▸ **The problem**
Copy exactly, beginning with the line holding "Infine, questo è" and ending with the final line of the data beneath this task; copy nothing else, and leave out every picture.

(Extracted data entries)

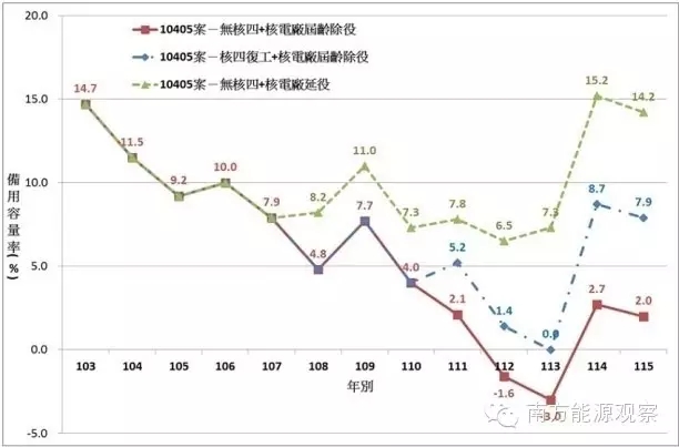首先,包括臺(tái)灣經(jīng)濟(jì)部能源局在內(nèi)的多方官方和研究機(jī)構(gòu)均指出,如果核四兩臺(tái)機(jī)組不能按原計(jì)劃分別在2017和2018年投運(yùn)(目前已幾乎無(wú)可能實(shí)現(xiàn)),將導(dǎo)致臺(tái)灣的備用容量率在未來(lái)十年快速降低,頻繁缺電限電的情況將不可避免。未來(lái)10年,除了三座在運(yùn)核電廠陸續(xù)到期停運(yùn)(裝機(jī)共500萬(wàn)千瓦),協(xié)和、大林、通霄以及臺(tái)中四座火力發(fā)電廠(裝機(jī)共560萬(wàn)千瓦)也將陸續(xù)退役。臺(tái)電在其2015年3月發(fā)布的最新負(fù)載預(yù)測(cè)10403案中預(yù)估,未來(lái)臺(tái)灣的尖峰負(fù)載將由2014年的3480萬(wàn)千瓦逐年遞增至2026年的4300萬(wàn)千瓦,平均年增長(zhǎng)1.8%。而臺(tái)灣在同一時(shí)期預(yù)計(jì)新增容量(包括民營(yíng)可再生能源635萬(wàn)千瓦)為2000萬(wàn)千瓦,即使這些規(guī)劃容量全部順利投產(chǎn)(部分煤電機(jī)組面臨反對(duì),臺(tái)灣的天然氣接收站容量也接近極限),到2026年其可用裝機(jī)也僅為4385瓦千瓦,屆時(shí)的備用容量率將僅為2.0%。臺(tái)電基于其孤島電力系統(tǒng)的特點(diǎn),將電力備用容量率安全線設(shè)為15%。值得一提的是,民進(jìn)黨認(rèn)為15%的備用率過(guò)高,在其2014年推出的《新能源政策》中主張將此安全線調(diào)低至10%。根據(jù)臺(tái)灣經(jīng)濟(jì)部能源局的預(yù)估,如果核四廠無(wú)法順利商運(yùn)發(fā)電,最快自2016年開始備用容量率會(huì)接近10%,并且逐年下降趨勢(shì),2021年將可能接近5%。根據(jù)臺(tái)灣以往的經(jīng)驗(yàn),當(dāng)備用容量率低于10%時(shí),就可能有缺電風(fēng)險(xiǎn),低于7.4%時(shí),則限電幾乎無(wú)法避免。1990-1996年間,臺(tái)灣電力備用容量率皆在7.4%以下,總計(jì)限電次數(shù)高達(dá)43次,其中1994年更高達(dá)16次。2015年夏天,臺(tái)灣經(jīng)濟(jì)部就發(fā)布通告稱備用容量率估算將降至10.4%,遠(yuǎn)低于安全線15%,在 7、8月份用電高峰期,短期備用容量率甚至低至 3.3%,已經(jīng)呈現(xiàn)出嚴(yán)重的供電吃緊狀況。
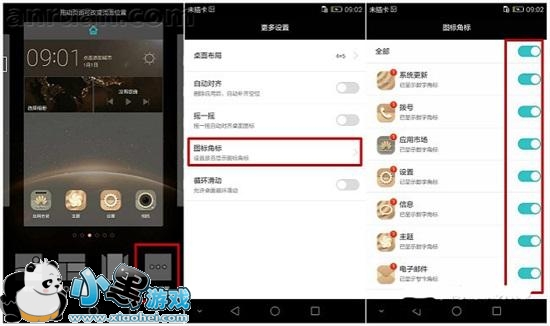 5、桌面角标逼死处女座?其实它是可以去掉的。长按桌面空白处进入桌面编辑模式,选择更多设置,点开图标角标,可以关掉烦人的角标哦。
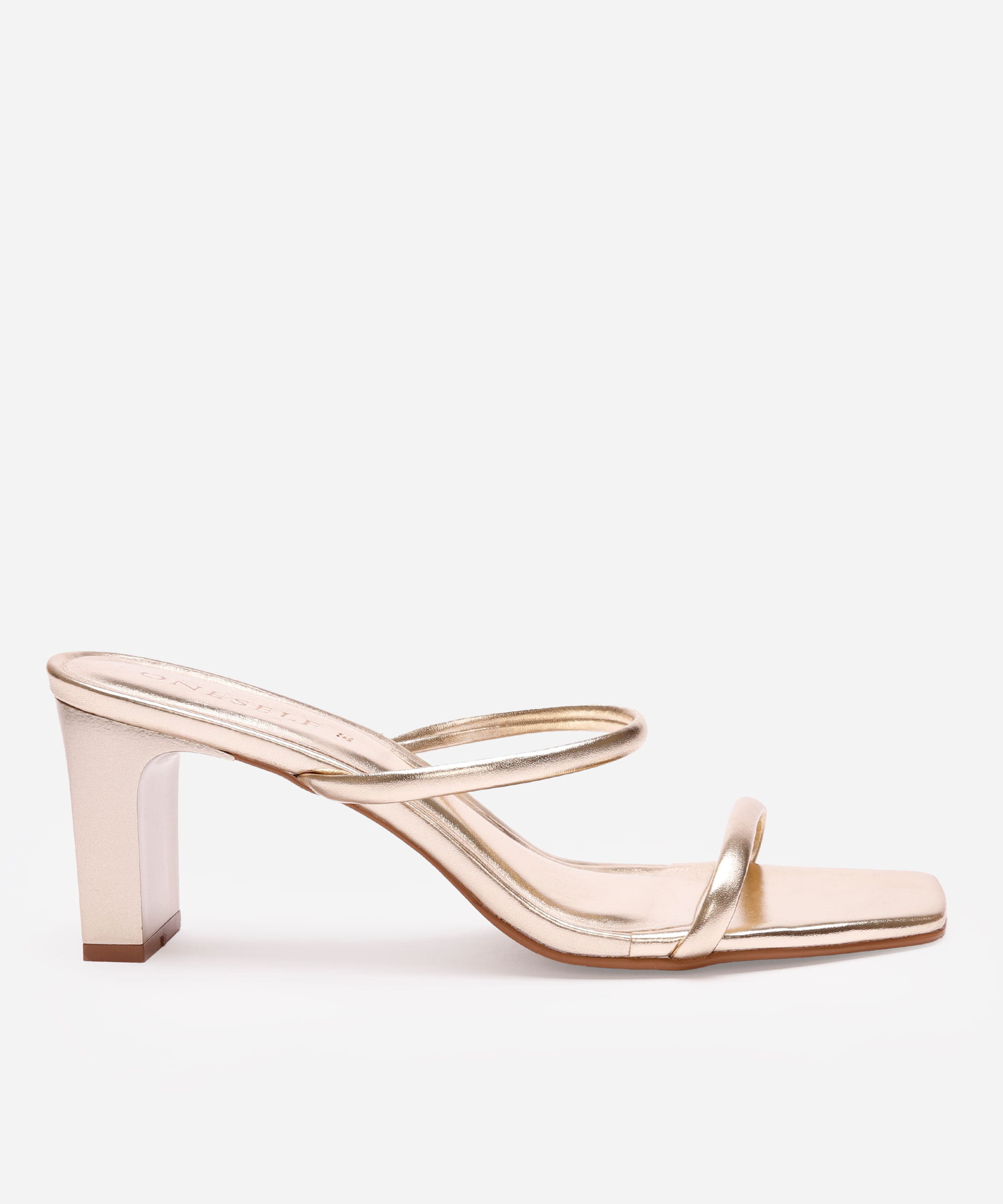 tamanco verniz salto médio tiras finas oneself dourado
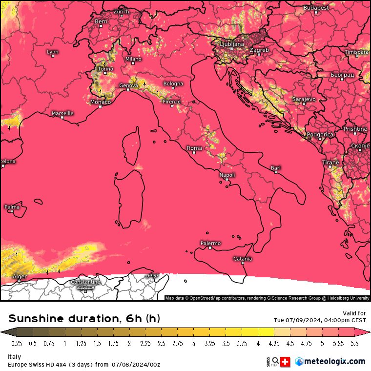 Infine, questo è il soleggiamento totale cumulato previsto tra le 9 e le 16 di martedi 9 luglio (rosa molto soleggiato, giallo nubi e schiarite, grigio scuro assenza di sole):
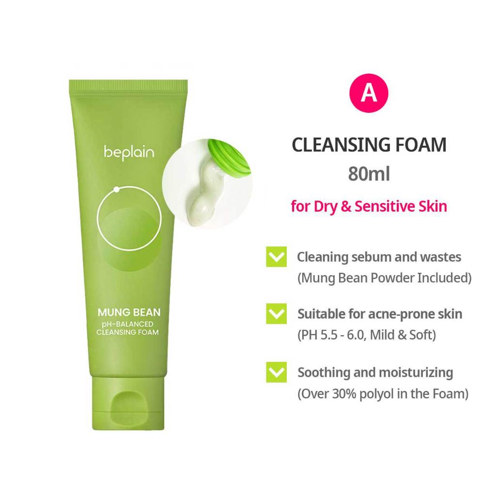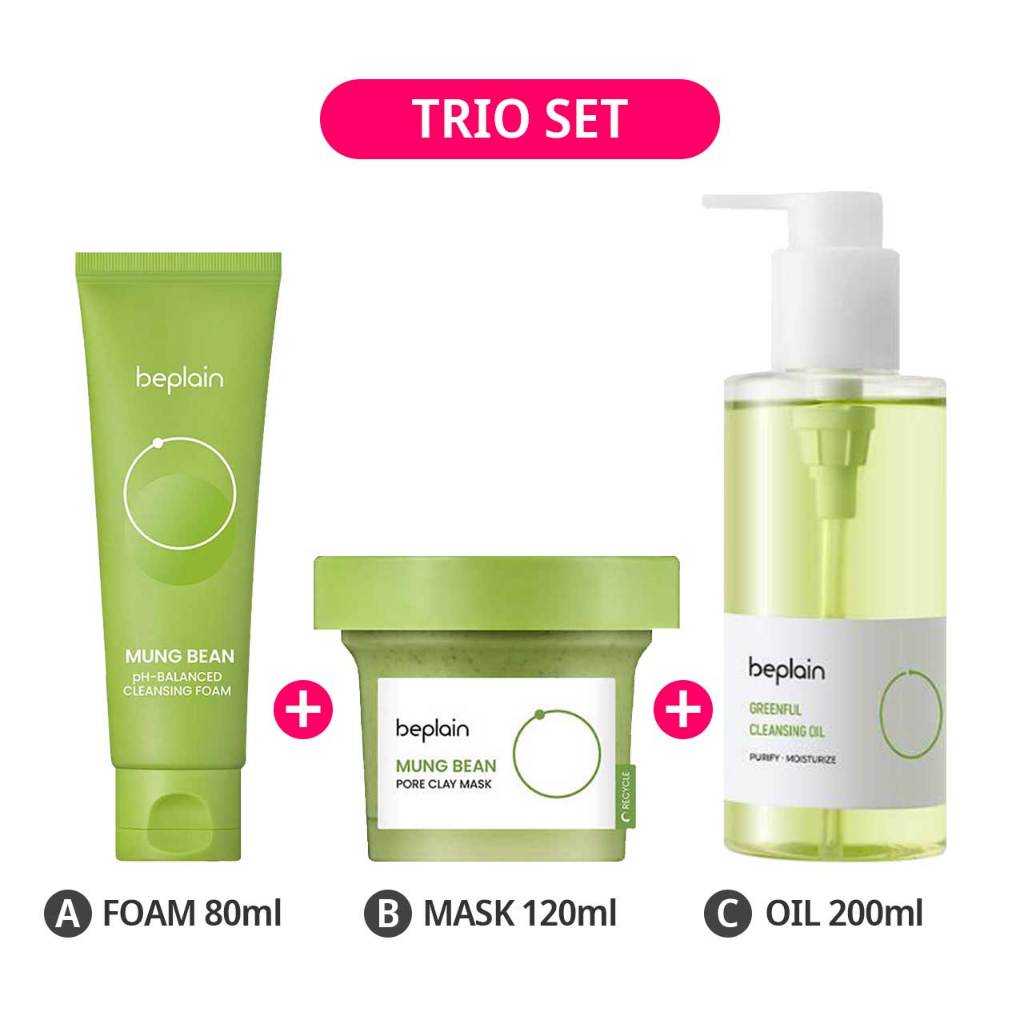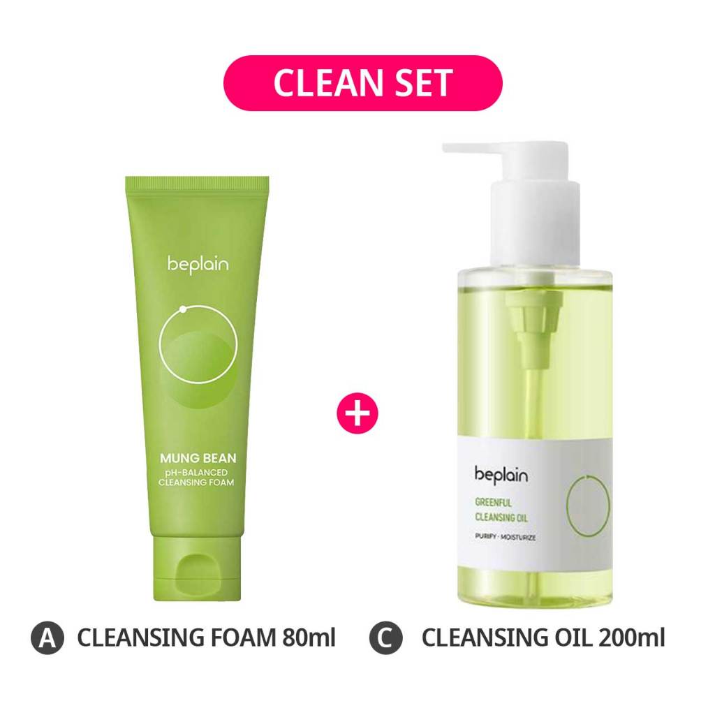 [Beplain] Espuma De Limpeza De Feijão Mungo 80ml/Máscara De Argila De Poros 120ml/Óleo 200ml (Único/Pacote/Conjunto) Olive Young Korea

▸ **Written response**
 Infine, questo è il soleggiamento totale cumulato previsto tra le 9 e le 16 di martedi 9 luglio (rosa molto soleggiato, giallo nubi e schiarite, grigio scuro assenza di sole):
 [Beplain] Espuma De Limpeza De Feijão Mungo 80ml/Máscara De Argila De Poros 120ml/Óleo 200ml (Único/Pacote/Conjunto) Olive Young Korea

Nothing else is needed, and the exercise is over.